| INPUT DATA |
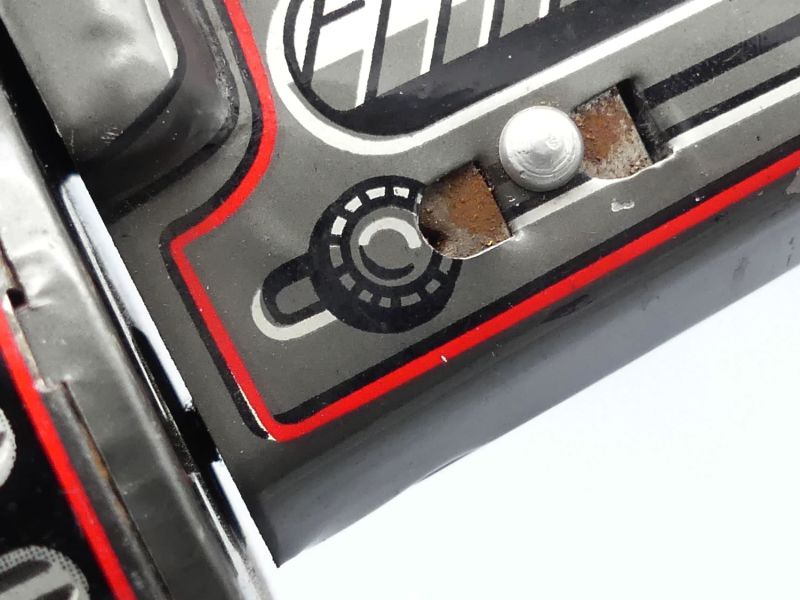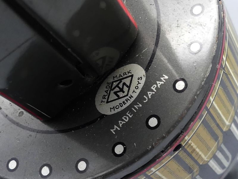 Das Objekt besticht durch seine detaillierte und farbenfrohe Lithografie die den technischen Charme der 1950er Jahre perfekt widerspiegelt und die Meisterschaft japanischer Handwerkskunst in der Nachkriegszeit dokumentiert. Es handelt sich um ein ehrliches und bespieltes Originalstück das über eine natürliche Patina sowie einige kleine Dellen verfügt, die von der jahrzehntelangen Geschichte dieses Objekts zeugen und seinen Vintage Charakter unterstreichen.
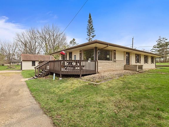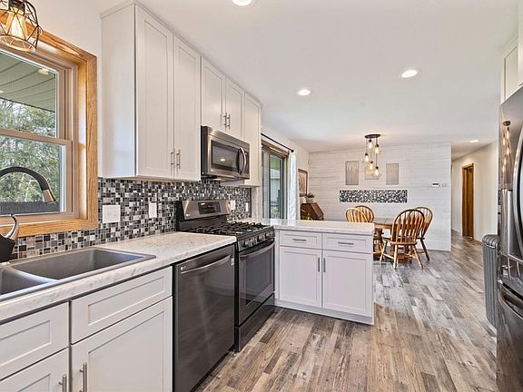 Beautiful turnkey and remodeled ranch styled home in the heart of Sandstone with all living facilities on one level. New windows (2022), primary bedroom ensuite added with double sinks and built in dresser (2022), completely remodeled kitchen with new stainless steel appliances (2018), added main level laundry room with barn door (2018), new furnace (2017), central air added (2011). This home has three large bedrooms on one level and full unfinished basement ready to finish for more added square feet. Large 2 car detached garage and space for off-street parking as well. Large private corner lot with added 7,500 square foot adjacent lot north of home. Enjoy summer nights on the large deck and patio. Homeowners have lovingly cared for this home for over 40 years!
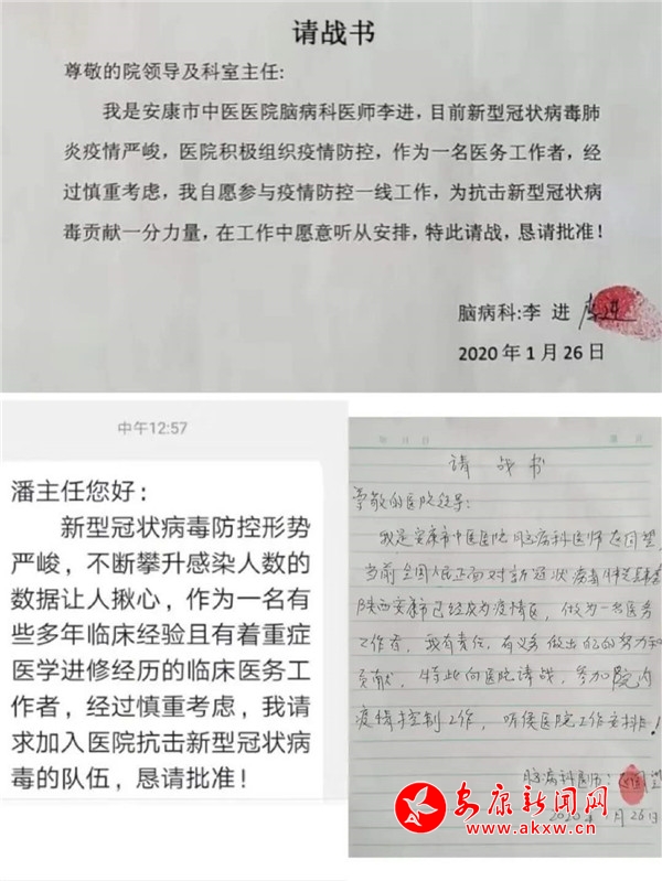 疫情發(fā)生以來,市中醫(yī)院黨委印發(fā)《關(guān)于加強(qiáng)黨的領(lǐng)導(dǎo)堅(jiān)決打贏疫情防控阻擊戰(zhàn)的通知》,廣泛動員各黨支部和黨員干部積極投身到疫情防控和集中救治第一線,亮身份、做表率、樹形象,在院黨委的號召下,兒科黨支部提出在疫情防控阻擊戰(zhàn)中開展“六帶頭”活動(帶頭沖鋒防控一線、帶頭學(xué)習(xí)防控知識、帶頭落實(shí)防控措施、帶頭嚴(yán)守工作紀(jì)律、帶頭做好思想工作、帶頭做好輿論引導(dǎo)),醫(yī)技第二、內(nèi)科第一、外科第一等黨支部的200余名黨員,1000余名職工積極參與到疫情防控工作當(dāng)中,一條條、一封封微言大義的請戰(zhàn)書,是中醫(yī)院醫(yī)務(wù)人員向疫情宣戰(zhàn)的決心,也是醫(yī)院全體職工抗擊疫情的忠誠與執(zhí)著。

| THE PROBLEM |
Everything in the data above should be set down again exactly, except the pictures.

| TASK ANSWER |
 Das Objekt besticht durch seine detaillierte und farbenfrohe Lithografie die den technischen Charme der 1950er Jahre perfekt widerspiegelt und die Meisterschaft japanischer Handwerkskunst in der Nachkriegszeit dokumentiert. Es handelt sich um ein ehrliches und bespieltes Originalstück das über eine natürliche Patina sowie einige kleine Dellen verfügt, die von der jahrzehntelangen Geschichte dieses Objekts zeugen und seinen Vintage Charakter unterstreichen.
 Beautiful turnkey and remodeled ranch styled home in the heart of Sandstone with all living facilities on one level. New windows (2022), primary bedroom ensuite added with double sinks and built in dresser (2022), completely remodeled kitchen with new stainless steel appliances (2018), added main level laundry room with barn door (2018), new furnace (2017), central air added (2011). This home has three large bedrooms on one level and full unfinished basement ready to finish for more added square feet. Large 2 car detached garage and space for off-street parking as well. Large private corner lot with added 7,500 square foot adjacent lot north of home. Enjoy summer nights on the large deck and patio. Homeowners have lovingly cared for this home for over 40 years!
 疫情發(fā)生以來,市中醫(yī)院黨委印發(fā)《關(guān)于加強(qiáng)黨的領(lǐng)導(dǎo)堅(jiān)決打贏疫情防控阻擊戰(zhàn)的通知》,廣泛動員各黨支部和黨員干部積極投身到疫情防控和集中救治第一線,亮身份、做表率、樹形象,在院黨委的號召下,兒科黨支部提出在疫情防控阻擊戰(zhàn)中開展“六帶頭”活動(帶頭沖鋒防控一線、帶頭學(xué)習(xí)防控知識、帶頭落實(shí)防控措施、帶頭嚴(yán)守工作紀(jì)律、帶頭做好思想工作、帶頭做好輿論引導(dǎo)),醫(yī)技第二、內(nèi)科第一、外科第一等黨支部的200余名黨員,1000余名職工積極參與到疫情防控工作當(dāng)中,一條條、一封封微言大義的請戰(zhàn)書,是中醫(yī)院醫(yī)務(wù)人員向疫情宣戰(zhàn)的決心,也是醫(yī)院全體職工抗擊疫情的忠誠與執(zhí)著。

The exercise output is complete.